Il Giudizio universale consiste in una separazione finale netta tra chi ha fatto il bene e chi ha fatto il male, tra giustizia e iniquità. Dio esiste? La Giustizia esiste? Per i greci la giustizia era una divinità, “Dike”, che agisce in un mondo fatto di guerre, contese e litigi senza fine. Dalla dea Dike discendeva il “diritto”, fatto per arginare le pretese dei singoli e delle comunità. Senza il diritto lo Stato non potrebbe esistere. Il diritto veniva indicato con una parola molto usata nei tribunali greci: “cosmos” (per i latini: “ordinatus”). Il diritto infatti tende a mettere ordine alla convivenza umana, facendone appunto un “cosmos”, un tutto bello” e “ordinato”. Il primitivo concetto giuridico di “cosmos” fu trasferito alle prime indagini sulla Natura (da cui la “cosmologia” come scienza). Infatti anche in Natura ci sono guerre, contese e opposizioni, che sono i terremoti, le tempeste e le alluvioni. Le cose sono sempre in lotta tra di loro, ma anche su di esse Dike esercita la sua autorità. Tutto ciò che nasce, si nutre e si sviluppa, lo fa a spese di altri esseri che nascono, si nutrono e si sviluppano. Il dio Crono (il Tempo), per riportare i conti alla pari, ha stabilito la fine di ogni cosa, perché altre possano avere inizio. Anassimandro spiega il divenire e il perire delle cose “come una contesa giudiziaria, nella quale esse devono tributarsi reciprocamente ammenda e risarcimento per la propria ingiustizia, secondo la sentenza del Tempo” (1)

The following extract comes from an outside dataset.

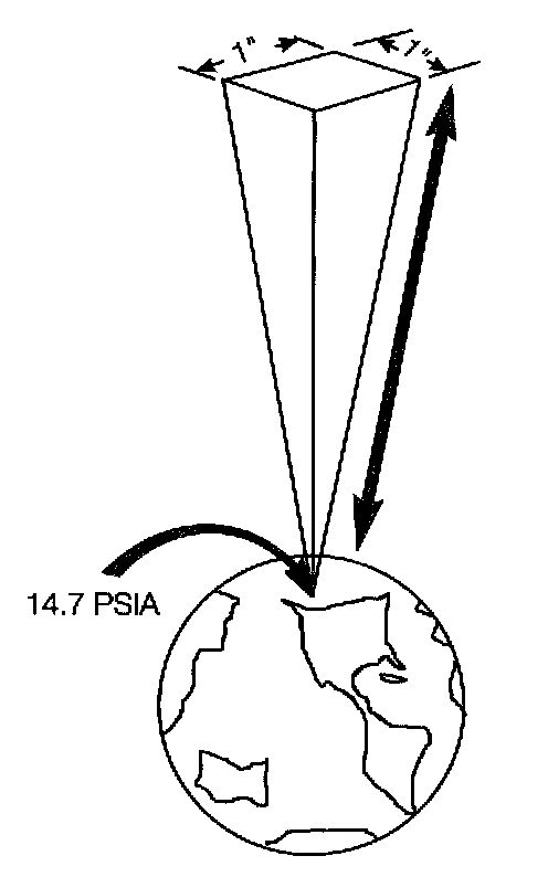 Of course, you don't notice the 14.7 psi pressing in on everything, and air pressure gages are calibrated to read 0 psi at atmospheric pressure. But this atmospheric pressure exists, and you can feel its effects, particularly at higher elevations; for example, if you exercise vigorously, at a high elevation, you become winded more quickly.

I greci avevano una incrollabile fiducia nell’ordinamento del mondo. E’ impossibile calpestare il diritto, perché esso finisce sempre per imporsi vittorioso. Il “castigo” prima o poi arriverà, per ristabilire il giusto equilibrio lì dove la prepotenza umana aveva violato i limiti. “Castigare”, “rendere casto”, vuol dire “rimettere nel giusto ordine” quel che tendeva a decadere nel disordine. In Esiodo, la punizione della giustizia divina, Dike, si manifesta nel cattivo raccolto, nella pestilenza, negli aborti, nella guerra e nella morte; in Solone la punizione avviene nello sconvolgimento dell’ordine sociale: guerra civile, assemblee non democratiche ma violente, gente costretta ad emigrare e a cadere in servitù a motivo dei debiti (2)

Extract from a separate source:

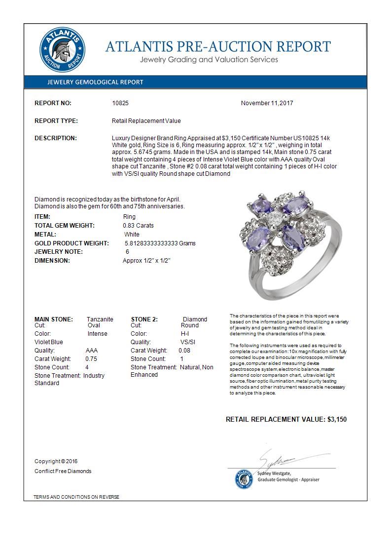 REF-44Y2K -10825 ---- 0.83 CTW Tanzanite & Diamond Ring 14K White Gold ---- Luxury Designer Brand Ring Appraised at $3,150 Certificate Number US10825 14k White gold, Ring Size is 6, Ring measuring approx. 1/2" x 1/2" , weighing in total approx. 5.6745 grams. Made in the USA and is stamped 14k, Main stone 0.75 carat total weight containing 4 pieces of Intense Violet Blue color with AAA quality Oval shape cut Tanzanite , Stone #2 0.08 carat total weight containing 1 pieces of H-I color with VS/SI quality Round shape cut Diamond

 Stando a questo modo di vedere, l’alluvione di Firenze del ‘66, il cedimento della diga del Vajont e le recenti alluvioni in Liguria sono espressioni di una giustizia divina, Dike, che pareggia i conti lasciati in sospeso. Dopo decenni di disboscamenti e di abusi edilizi, è chiaro che prima o poi il fiume si riprende il suo. Stiamo attenti anche al Torano di Piedimonte, divenuto una discarica invisibile per l’incuria amministrativa e le cattive abitudini dei privati. Ma c’è qualcosa di strano in questo tipo di Giustizia che colpisce solo gli abitanti del pianterreno, risparmiando quelli dei piani alti. Si tratta di una Giustizia ingiusta, come tutte le giustizie terrene. Per i cristiani la Giustizia non è di questo mondo, ma si manifesterà in un giorno speciale, quando anche il Tempo avrà fine:

“Il ‘Dies irae’, composto nel tredicesimo secolo, è percorso dal tema del conflitto tra giustizia e perdono e della loro finale riconciliazione nel giudizio divino alla fine dei tempi. La pena del Purgatorio era prevista per tutti i cristiani, tranne che per quei pochi che si trovavano in Paradiso (i santi) o all’Inferno (gli impenitenti). In Purgatorio ciascuno veniva punito indipendentemente dal proprio rango, secondo i peccati commessi. Il Giudizio Universale era l’equivalente di una grande democrazia cosmica. Il Purgatorio era l’esempio di una grande democrazia cristiana. Nella vivida esposizione di Dante Alighieri, i papi e gli imperatori soffrivano insieme a servi e briganti. Il solo principio che distingueva il destino dei singoli era la determinazione della pena secondo la gravità dei peccati personali” (3)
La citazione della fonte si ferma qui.